The Intelligence Community Campus-Bethesda in 2017.

The Intelligence Community Campus-Bethesda in 2017. U.S. Office of the Director of National Intelligence

What AI Can and Cannot Do for the Intelligence Community

A realistic appraisal of artificial intelligence shows limits but real promise.

A seasoned intelligence professional can be forgiven for raising her eyebrows about artificial intelligence, a nascent and booming field in which it can be hard to sort real potential from hype. Addressing that raised eyebrow — and helping senior leaders understand how to invest precious time and money — will take more than vague generalities and myopic case studies. We therefore offer a hypothesis for debate: AI, specifically machine learning, can help with tasks related to collection, processing, and analysis — half of the Steps in the Intelligence Cycle —  but will struggle with tasks related to intelligence planning, dissemination, and evaluation.

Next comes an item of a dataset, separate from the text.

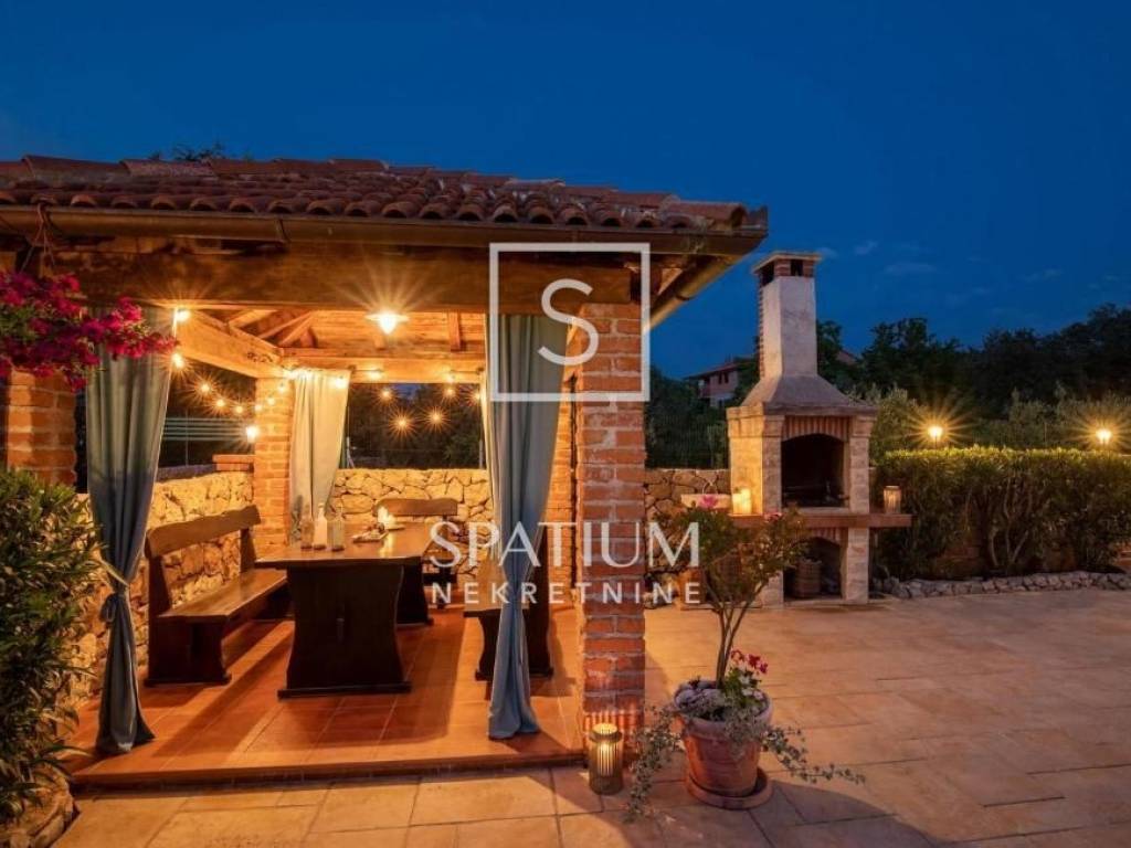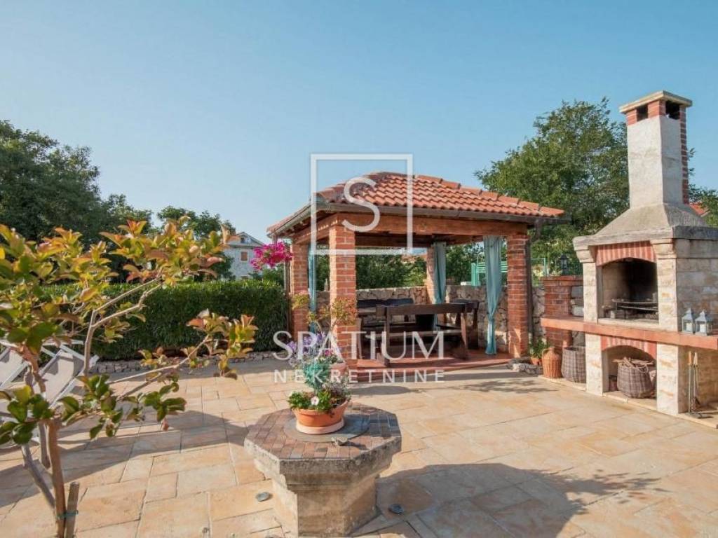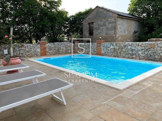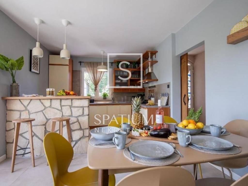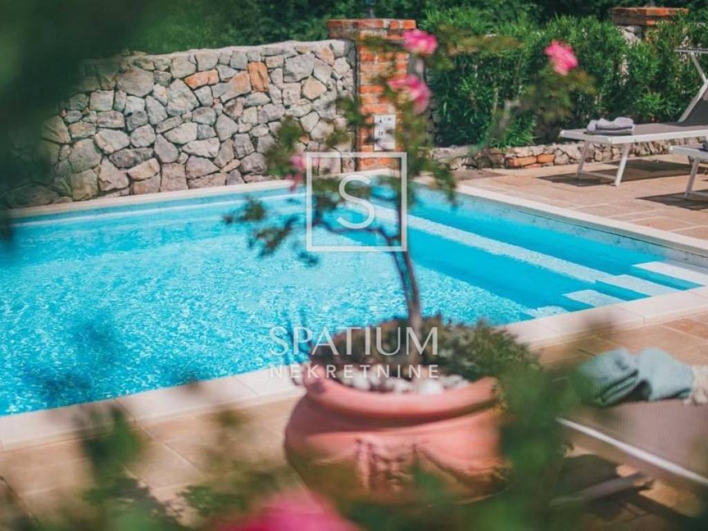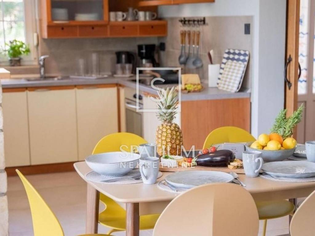 KLIMNO, in the offer we got a villa with a pool of 230 m2, extending to the ground floor and the first floor with a view of the sea. On the ground floor there are three bedrooms, a bathroom, a hallway, a kitchen with a dining room, a living room with access to a covered terrace. The external stairs lead to the first floor, which has two entrances, each with a room with a bathroom and a balcony. There is also a tavern 4 x 4.50. Electric Norwegian radiators and air conditioners are installed. There is a gazebo, a barbecue, a swimming pool and a sunbathing area on the beautifully landscaped garden. Due to its microlocation, the real estate is ideal as an investment for tourism as well as for a peaceful family life not far from all facilities as well as near the sea and beaches.

When we talk about AI’s prospective value in intelligence work, we are generally talking about the specific field of deep learning, a term that refers to multi-layer neural network machine learning techniques. Deep learning tools have made tremendous progress in fields such as image recognition, speech recognition, and language translation. But there are limits to its abilities. 

Deep learning excels at “tasks that consist of mapping an input vector to an output vector and that are easy for a person to do rapidly,” wrote three of the field’s leading lights — Apple’s Ian Goodfellow and University of Montreal professors Yoshua Bengio and Aaron Courville — in their 2016 textbook Deep Learning. “Other tasks, that cannot be described as associating one vector to another, or that are difficult enough that a person would require time to think and reflect in order to accomplish the task, remain beyond the scope of deep learning for now.”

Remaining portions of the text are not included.